━━━ Input ━━━
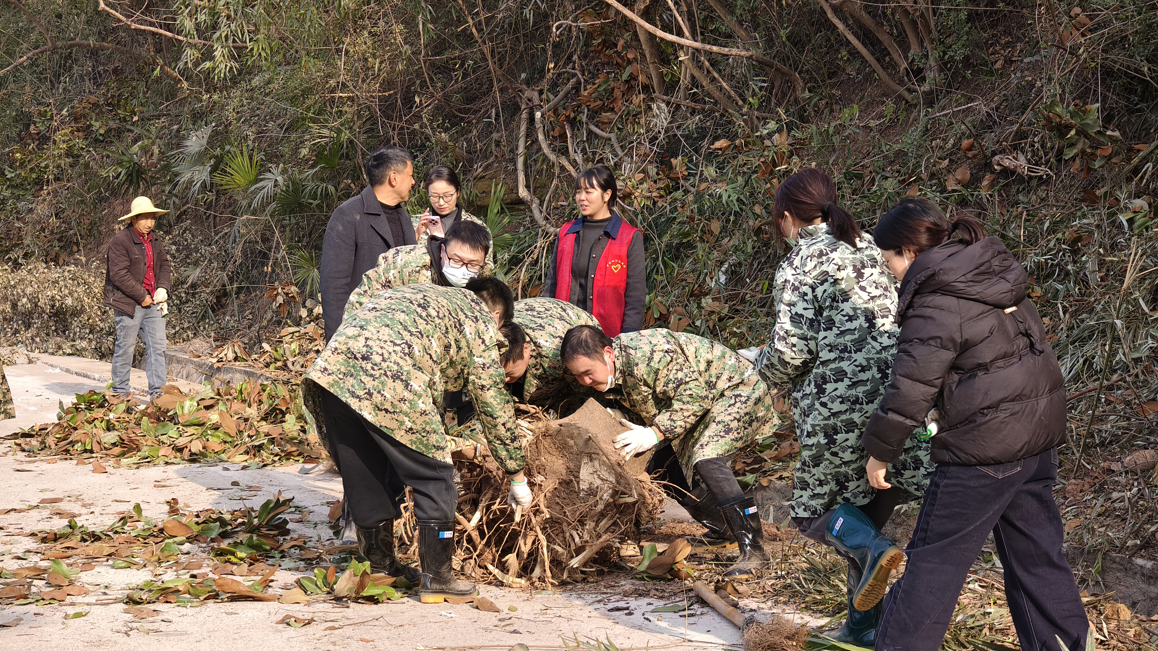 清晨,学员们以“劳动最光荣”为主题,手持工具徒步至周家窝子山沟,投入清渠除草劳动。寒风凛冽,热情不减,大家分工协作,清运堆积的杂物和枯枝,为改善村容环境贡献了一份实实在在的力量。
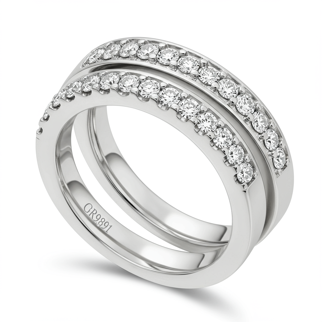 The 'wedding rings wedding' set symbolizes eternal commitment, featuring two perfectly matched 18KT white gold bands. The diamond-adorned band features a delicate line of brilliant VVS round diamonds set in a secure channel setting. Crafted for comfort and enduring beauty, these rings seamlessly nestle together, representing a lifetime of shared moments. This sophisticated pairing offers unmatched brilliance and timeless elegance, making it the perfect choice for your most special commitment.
━━━
━━━ Input ━━━
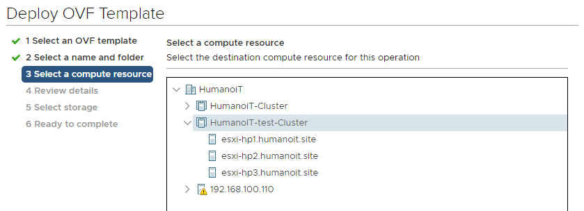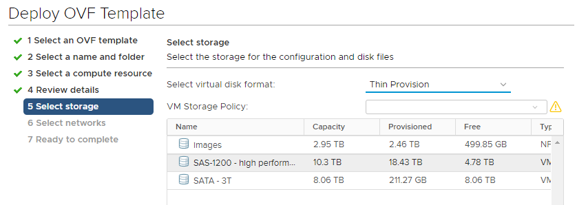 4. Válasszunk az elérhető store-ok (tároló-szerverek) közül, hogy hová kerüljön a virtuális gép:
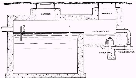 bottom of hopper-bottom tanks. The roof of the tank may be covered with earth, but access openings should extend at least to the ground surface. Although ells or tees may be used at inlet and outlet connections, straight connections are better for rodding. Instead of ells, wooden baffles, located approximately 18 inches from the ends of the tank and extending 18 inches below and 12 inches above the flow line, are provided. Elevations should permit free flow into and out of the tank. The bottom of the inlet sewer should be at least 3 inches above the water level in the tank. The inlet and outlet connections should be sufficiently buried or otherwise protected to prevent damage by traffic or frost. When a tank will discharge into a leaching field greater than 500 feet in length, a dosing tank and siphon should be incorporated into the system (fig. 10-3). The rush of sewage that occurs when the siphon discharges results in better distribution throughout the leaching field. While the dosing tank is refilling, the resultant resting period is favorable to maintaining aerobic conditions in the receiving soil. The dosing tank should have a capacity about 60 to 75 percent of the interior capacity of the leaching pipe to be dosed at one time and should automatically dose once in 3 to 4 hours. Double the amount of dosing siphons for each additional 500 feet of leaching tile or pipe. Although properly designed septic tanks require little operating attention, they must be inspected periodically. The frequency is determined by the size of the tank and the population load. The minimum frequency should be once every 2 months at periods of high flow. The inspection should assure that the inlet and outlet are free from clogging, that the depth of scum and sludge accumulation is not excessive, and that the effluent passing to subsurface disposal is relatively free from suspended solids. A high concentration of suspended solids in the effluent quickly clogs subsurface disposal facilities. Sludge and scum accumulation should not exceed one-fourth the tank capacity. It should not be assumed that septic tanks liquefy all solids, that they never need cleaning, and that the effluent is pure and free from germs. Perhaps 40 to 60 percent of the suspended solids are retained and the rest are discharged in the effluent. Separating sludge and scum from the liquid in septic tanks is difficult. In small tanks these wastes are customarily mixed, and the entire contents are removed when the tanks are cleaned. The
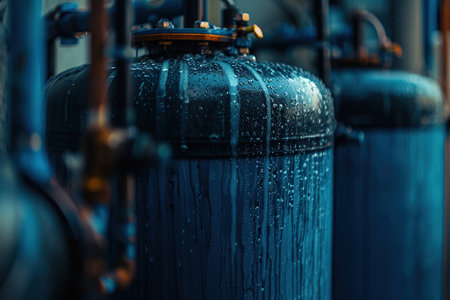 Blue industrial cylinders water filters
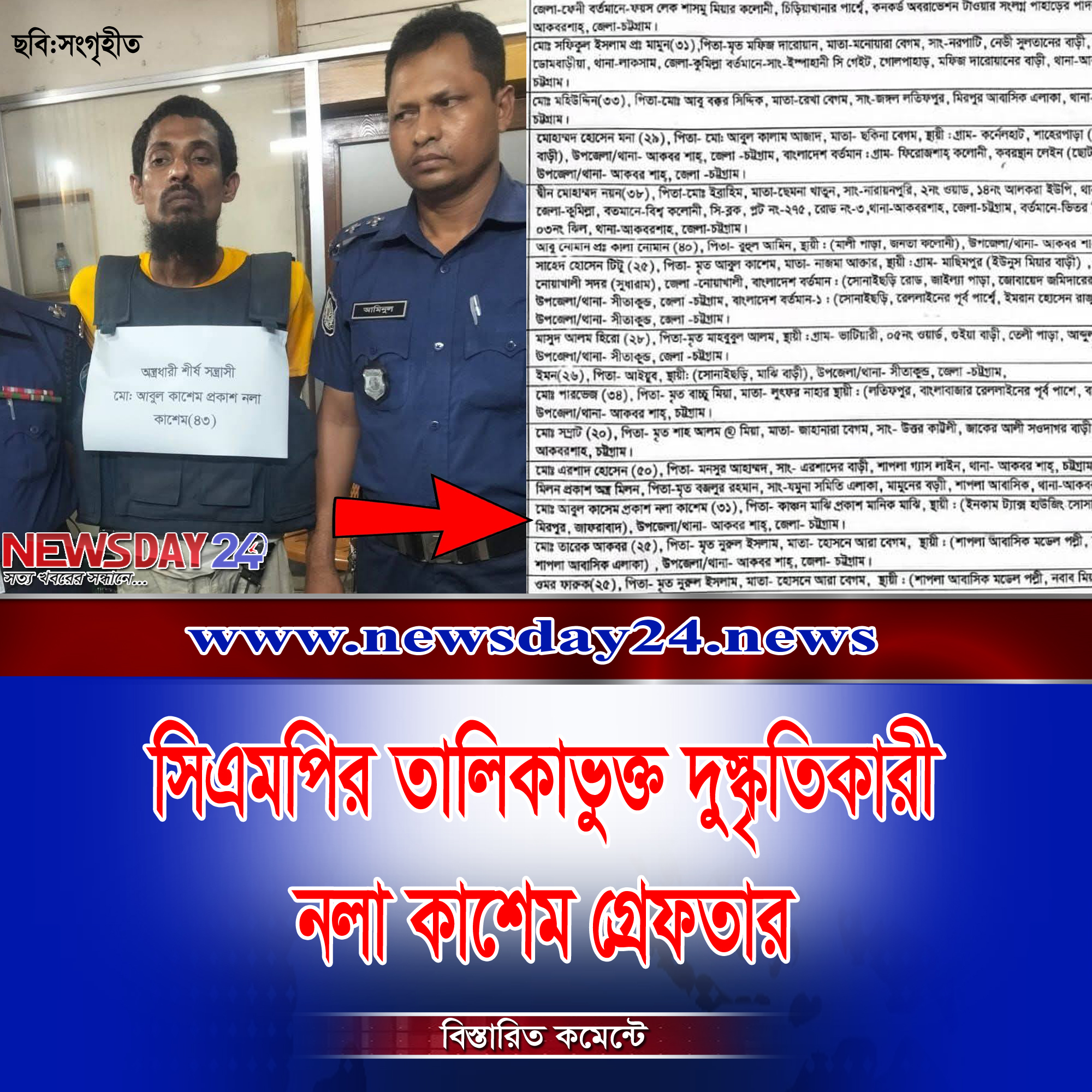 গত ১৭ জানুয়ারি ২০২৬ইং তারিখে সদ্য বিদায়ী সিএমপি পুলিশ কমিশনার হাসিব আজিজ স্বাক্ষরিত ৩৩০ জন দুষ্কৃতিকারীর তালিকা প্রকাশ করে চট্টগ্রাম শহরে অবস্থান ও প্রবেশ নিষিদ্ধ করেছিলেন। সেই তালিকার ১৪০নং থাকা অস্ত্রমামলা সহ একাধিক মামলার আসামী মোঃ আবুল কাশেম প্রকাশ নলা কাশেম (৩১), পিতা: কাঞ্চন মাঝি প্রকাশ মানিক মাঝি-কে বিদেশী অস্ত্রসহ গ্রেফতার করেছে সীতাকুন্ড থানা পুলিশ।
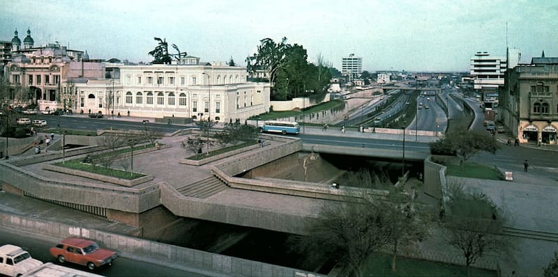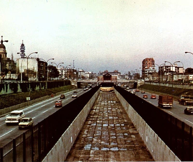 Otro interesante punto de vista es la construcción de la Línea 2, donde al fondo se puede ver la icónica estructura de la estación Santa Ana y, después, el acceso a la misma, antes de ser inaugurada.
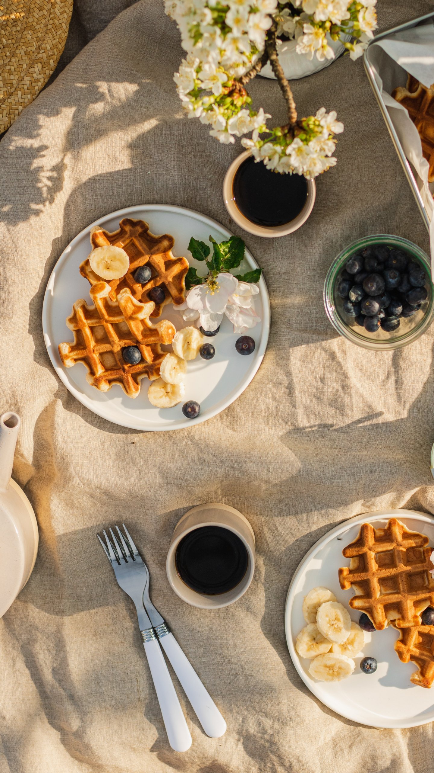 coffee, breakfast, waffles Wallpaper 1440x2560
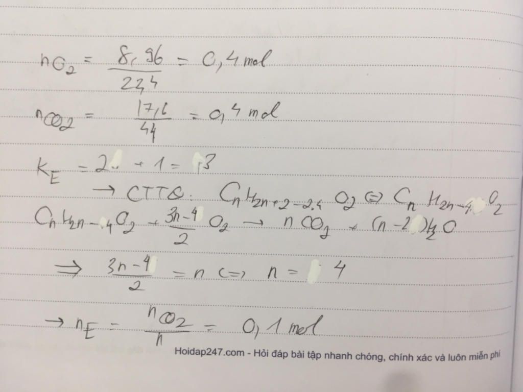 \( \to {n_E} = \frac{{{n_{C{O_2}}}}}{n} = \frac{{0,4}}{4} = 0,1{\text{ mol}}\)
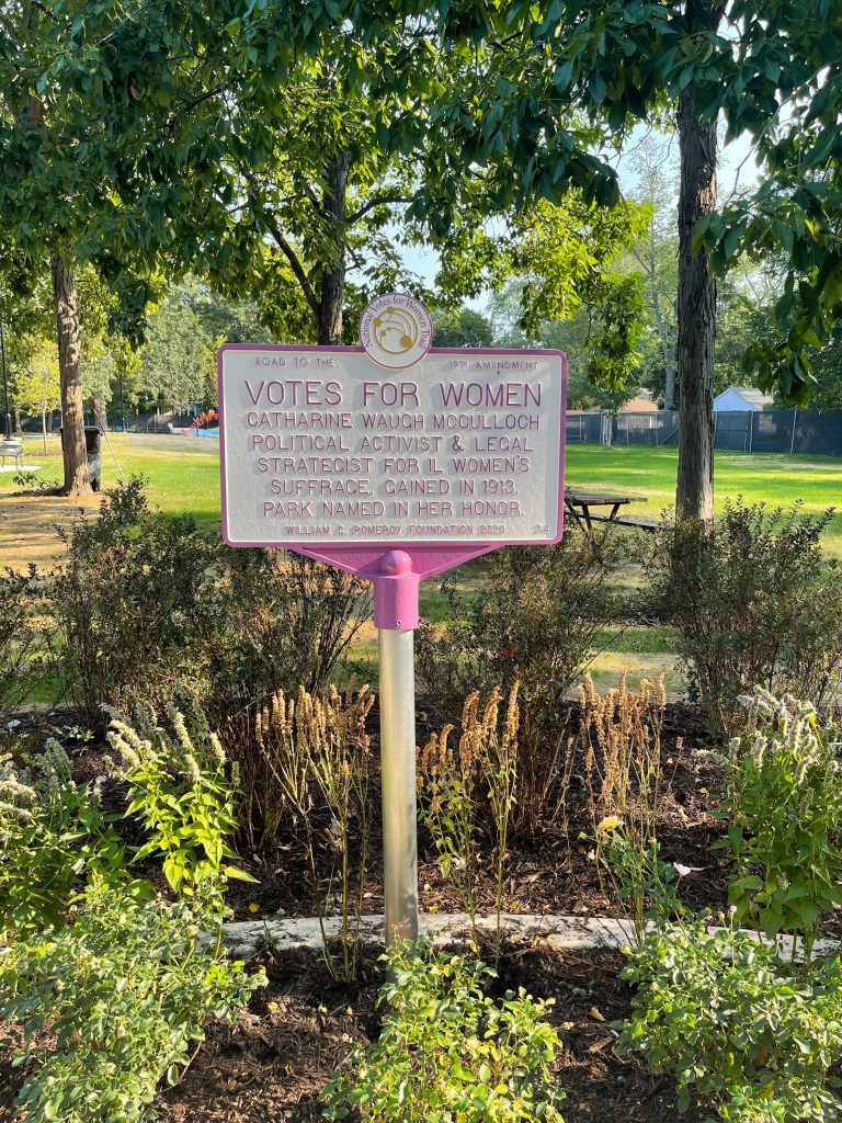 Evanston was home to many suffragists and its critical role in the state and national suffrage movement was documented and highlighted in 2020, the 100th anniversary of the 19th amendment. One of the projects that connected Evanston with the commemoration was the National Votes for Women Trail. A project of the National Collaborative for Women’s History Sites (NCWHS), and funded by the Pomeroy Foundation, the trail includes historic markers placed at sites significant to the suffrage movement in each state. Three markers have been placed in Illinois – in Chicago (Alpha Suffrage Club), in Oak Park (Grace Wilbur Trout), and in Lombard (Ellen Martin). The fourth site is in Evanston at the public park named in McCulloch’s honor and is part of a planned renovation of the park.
━━━
━━━ Input ━━━
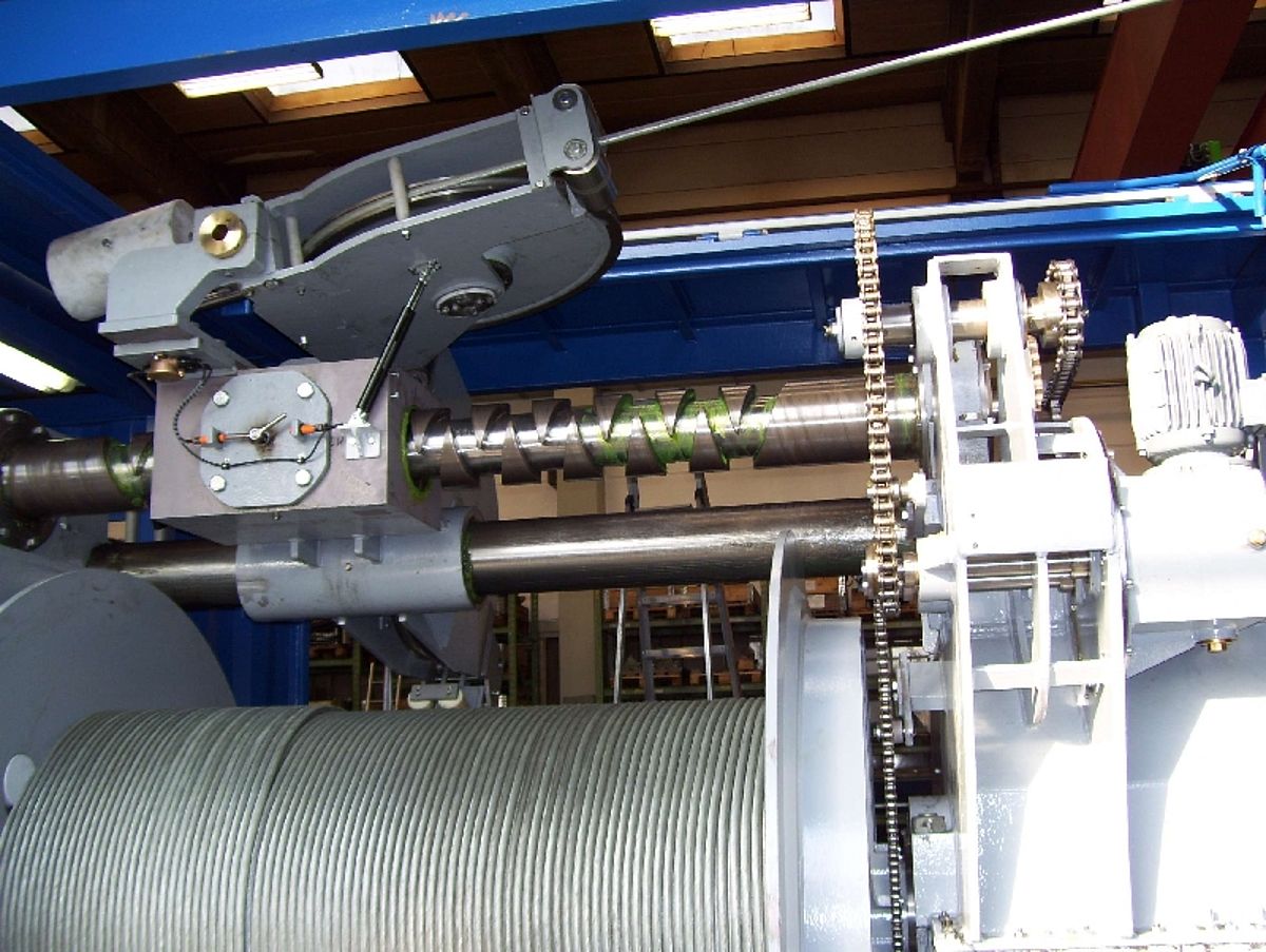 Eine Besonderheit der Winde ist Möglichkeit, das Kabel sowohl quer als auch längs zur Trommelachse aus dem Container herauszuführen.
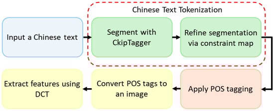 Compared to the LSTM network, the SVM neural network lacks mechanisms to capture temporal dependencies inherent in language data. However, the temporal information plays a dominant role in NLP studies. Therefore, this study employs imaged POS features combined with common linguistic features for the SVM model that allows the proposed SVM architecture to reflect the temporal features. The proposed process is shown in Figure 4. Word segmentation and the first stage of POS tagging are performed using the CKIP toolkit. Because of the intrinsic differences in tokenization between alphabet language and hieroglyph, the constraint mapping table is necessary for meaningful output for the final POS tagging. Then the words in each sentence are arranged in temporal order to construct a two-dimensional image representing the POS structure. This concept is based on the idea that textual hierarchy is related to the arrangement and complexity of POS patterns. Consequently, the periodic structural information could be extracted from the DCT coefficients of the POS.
━━━
> Exercise details: All pictures are to be skipped. Output, word for word, the lines in the data above starting at the line containing "coffee, breakfast, waffles" and ending at the line containing "Evanston was home".

> Response to this task:
 coffee, breakfast, waffles Wallpaper 1440x2560
 \( \to {n_E} = \frac{{{n_{C{O_2}}}}}{n} = \frac{{0,4}}{4} = 0,1{\text{ mol}}\)
 Evanston was home to many suffragists and its critical role in the state and national suffrage movement was documented and highlighted in 2020, the 100th anniversary of the 19th amendment. One of the projects that connected Evanston with the commemoration was the National Votes for Women Trail. A project of the National Collaborative for Women’s History Sites (NCWHS), and funded by the Pomeroy Foundation, the trail includes historic markers placed at sites significant to the suffrage movement in each state. Three markers have been placed in Illinois – in Chicago (Alpha Suffrage Club), in Oak Park (Grace Wilbur Trout), and in Lombard (Ellen Martin). The fourth site is in Evanston at the public park named in McCulloch’s honor and is part of a planned renovation of the park.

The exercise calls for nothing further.